For more information see CFP – Empires and Revolutions
The Association for Scottish Literary Studies Annual Conferences, alternating one-day and longer conferences annually, have always had an international outlook, reflecting the international role of the ASLS in leading the celebration and promotion of Scottish literature. Now the triennial World Congress of Scottish Literature has been launched with the full support of the ASLS, the Association in its worldwide role has resolved to complement the Congresses by ensuring that in the intervening years at least one of its Annual Conference will be the longer format and supported by an international Call for Papers. In Congress years, the annual conference will continue to follow the one-day format. In the light of this and given the welcome success of the World Congress in which the ASLS takes great pride, we are pleased to invite submission of abstracts for papers to be presented at the 2015 ASLS Conference, to be held in Stirling on the weekend of 3-5 July 2015. Non-ASLS members are also welcome to attend and participate.
The European age of empires is marked by encounter, exchange, conflict and mobility on an unprecedented global scale. ‘Networks of people, goods and capital’ (Magee / Thompson, Empire and Globalisation, 2010) mobilised by empires in the nineteenth and early twentieth centuries enforce a process of globalisation that continues to the present day. However, the expansion of authoritarian empires and capitalist systems across the world is also inextricably linked with the birth and diffusion of revolutionary discourses (in terms of race, nation or social class): the quest for emancipation; political independence; economic equality.

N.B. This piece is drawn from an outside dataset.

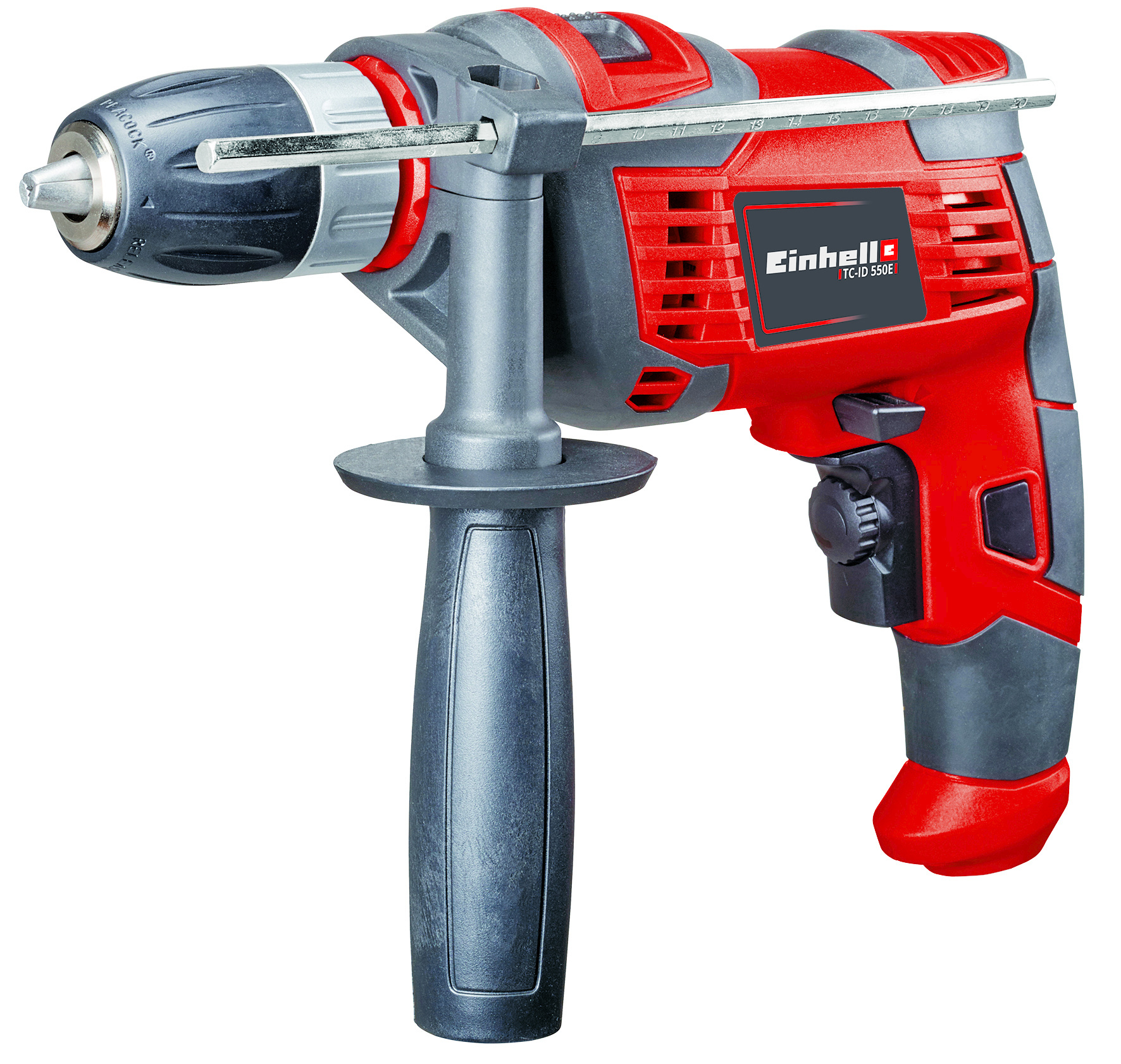 De toepassingsmogelijkheden voor de klopboormachine zijn divers. Met een vermogen van 550 W en een boorcapaciteit in hout/beton/metaal van 25/13/10 mm kunnen in een mum van tijd planken in de badkamer of douchecabine worden geïnstalleerd, keukenplanken worden gemonteerd of zware fotolijsten worden bevestigd. Lampen, projectoren of flatscreens kunnen moeiteloos worden geïnstalleerd. De elektronische snelheidsregeling met voorselectie regelt en maakt het boren van broze of zachte materialen zoals tegels of gewassen beton eenvoudiger. De stevige metalen diepteaanslag helpt bij nauwkeurig werken, zelfs bij snel achter elkaar boren. Bovendien heeft de klopboormachine een R/L schakelaar voor boren en schroeven en een traploos verstelbare extra handgreep voor optimaal werken. De extra handgreep is traploos instelbaar om de klopboormachine in de gewenste positie brengen en optimaal te kunnen werken. De klopboormachine is uitgerust met een snelspanboorhouder van 13 mm voor eenvoudig wisselen van gereedschap. Dit maakt het gebruik van een extra sleutel voor het losdraaien van de boorkop overbodig

R.B Cunninghame Graham (1852–1936), in both his life and his oeuvre, most effectively represents the complex interaction between imperial and revolutionary discourses in this dramatic period. Writer, journalist, international traveller, adventurer, champion of democratic liberties, left-wing radical and Scottish nationalist (successively president of the Scottish Labour Party and the SNP), Cunninghame Graham was a key literary and political figure during this eventful period in Scottish and global history. His cosmopolitan biography aligns him with contemporary interest in migration, transculturalism and the rise of global citizenship. Of mixed Scottish and Spanish family background, he was bilingual in English and Spanish, lived in Britain, Belgium and Argentina, and travelled in South and North America, Spain and North Africa. His travels and migrations correspond with current interest in Scottish involvements with European imperialisms. At the same time, Cunninghame Graham’s involvement in the Scottish Home Rule movement and the nationalist parties can be seen as part of an ‘anticolonial’ initiative which sets these Scottish political trends in relation to international anticolonial movements in Ireland, India and Africa. His combination of nationalist and socialist sympathies also set an interesting precedent for present-day Scottish politics, where nationalist and left-wing agendas (of varying degrees of radicalism) are likewise often intertwined. As a writer, he is not only interesting for his own work (which includes short stories, travel writing, histories and biographies), but also for his dynamic relationship with (and influence on) other key authors, such as Hugh MacDiarmid, Bernard Shaw or Joseph Conrad.
The highly international dimension of Cunnighame Graham’s life and work makes him an ideal focal point to inaugurate a new initiative within the established series of ASLS conferences, one which is particularly geared to furthering the international dimension of Scottish literary studies.
This 2015 conference aims to promote inter-disciplinary scholarly engagement with Cunnighame Graham and his time, with particular emphasis on issues of globalisation, empire, colonialism and postcolonialism, democracy, civil rights and social justice. We also invite papers on other Scottish writers and intellectuals who engaged with these themes between 1850 and 1950.
As always, the ASLS Annual Conference invites papers from scholars, whether university-based or not, and will be of interest to knowledgeable members of the public as well as academic scholars. The 2015 conference will be co-ordinated by the convenors, Professor Carla Sassi, Chair of the ASLS International Committee, and Dr Silke Stroh, with the support of an organising committee including Professor Alan Riach, Jim Alison, Alan McGillivray, Ronnie Renton, Lorna Smith and Professor Ian Brown.
We warmly welcome contributions from scholars and PhD students in the fields of Scottish Studies, English Literary Studies, Irish Studies or Postcolonial Studies. We also invite proposals from any other disciplinary backgrounds in the Humanities and Social Sciences.
Abstracts (not longer than 300 words) for 20-minute papers should be submitted by Friday 30 January 2015 by email. Please submit a short biographical note (c. 100 words) along with your abstract. Submissions should be made directly to both conference convenors who will consult with the organising committee before inviting participation.